Hasbro’s My Little Pony range is a long running children’s franchise, incorporating television, cinema, comics and digital games, but primarily pony-themed toys and accessories. Reflecting children’s culture’s traditional affinity with romantic fantasy, folk tales and fairy stories, media associated with the MLP range frequently draws upon Gothic imagery, themes and narrative structures. Early animated specials contain stories of imprisonment, enslavement and monstrous transformation, where Gothic-coded antagonists intrude upon the bucolic idyl of Ponyland. In staging confrontations between a bright pastel pony world, and a dark contaminating villainy, these cartoons employ Gothic tropes to promote the brand’s signature aesthetic, personified in an iconic rainbow weapon wielded by the show’s human protagonist. While such Gothic elements feature inconsistently in subsequent MLP generations, the 2010 reboot ‘Friendship is Magic’ often employs Gothic characters, tropes and iconography. Villains include a vengeful princess exiled to the moon, a changeling queen infiltrating a royal marriage, and corrupted versions of familiar characters turned villainous by malignant forces. Such aspects, while often aligned with specific toy range releases, reflect the multi-generational appeal of the Gothic, and the increasingly broad demographic addressed by this long running franchise.
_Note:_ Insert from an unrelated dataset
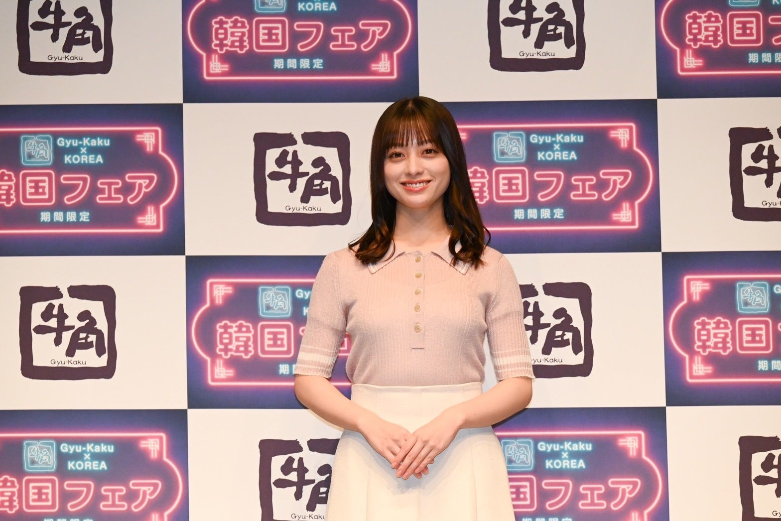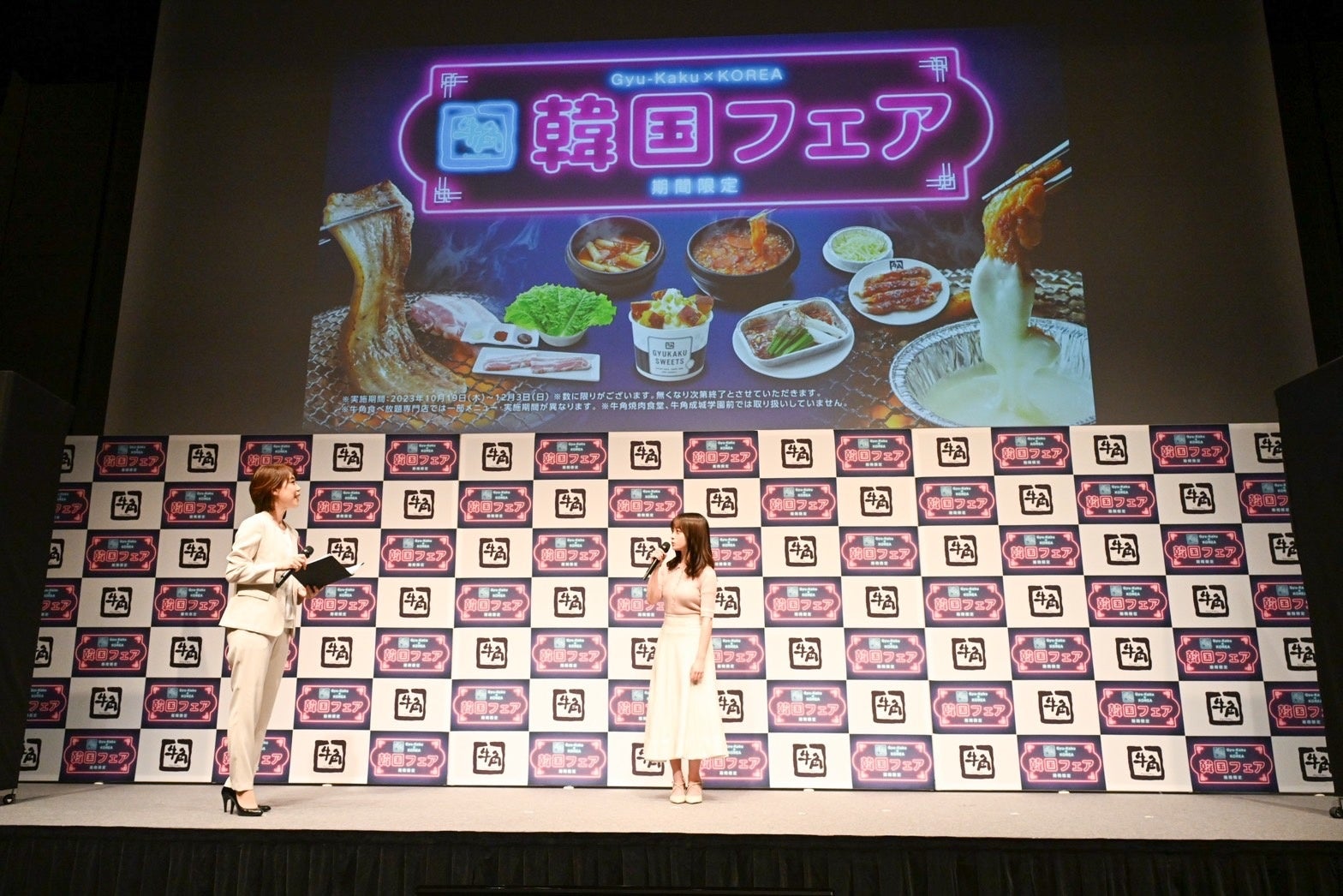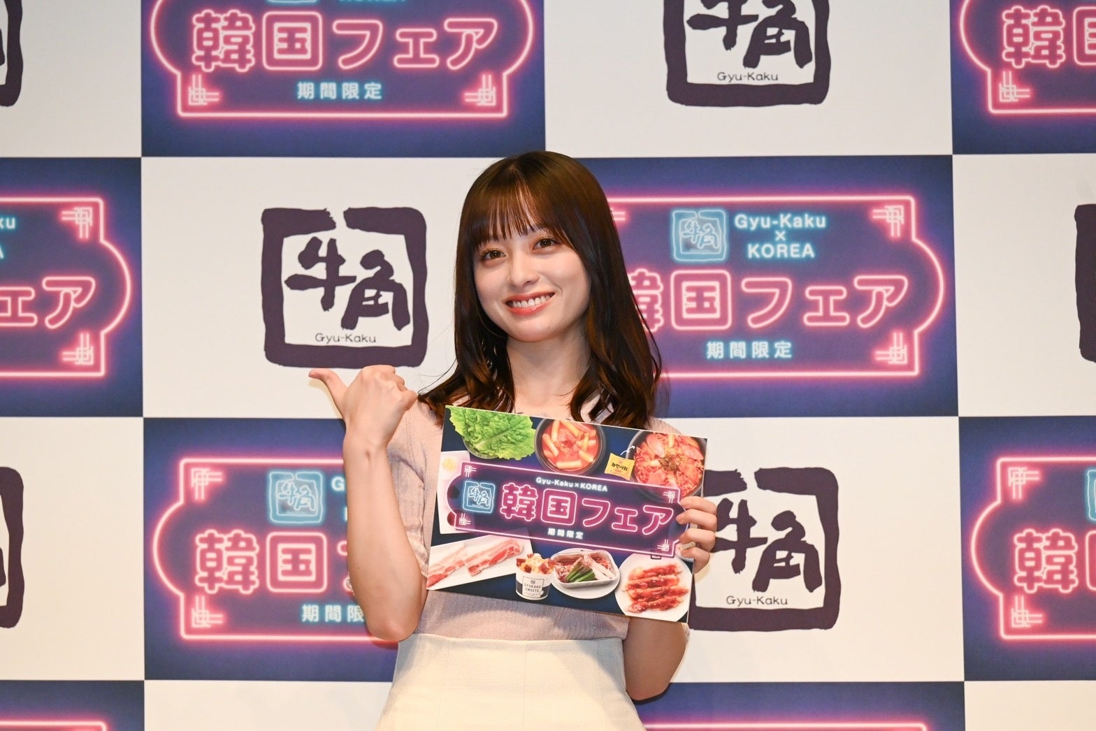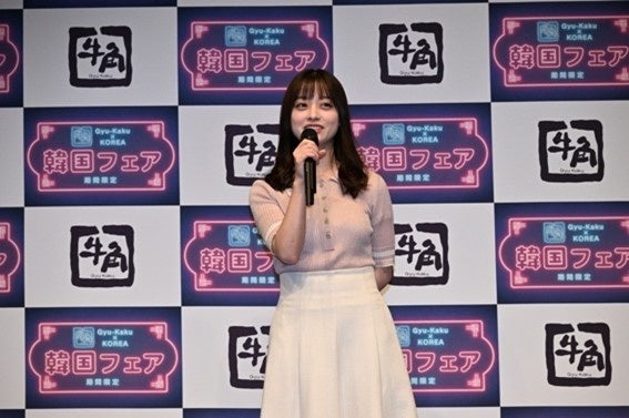 牛角のCMキャラクターである橋本環奈さんが登壇。韓国フェアのメニューの実食のほかCMキャラクターとしての反響や、新CM「牛角激ウマ」篇について語っていただきました。

When Charlie Higson asked a 13 year old girl who had read him a horrific short story during a school’s creative writing class why it had appealed to her, she replied: “What you’ve got to understand, Mr Higson, is that that kids love death” (Higson, 2013). Much of the social psychology literature on children’s responses to film and television has focused on the effect of violent stimuli on behaviour and thinking. This talk will focus on another aspect of media consumption: fictional horror, and the literature on the effect of watching horror film on children’s behaviour. It outlines what children are generally afraid of, how the source of fear changes as they get older, how horror has been studied developmentally, how any negative effects can be ameliorated, and examines the role of real and imagined monsters in development.
The workshop is organized by the Recreational Fear Lab in collaboration with the Youth & Horror Research Network and generously funded by the Youth & Horror Research Network and the Department of English/School of Communication and Culture, Aarhus University.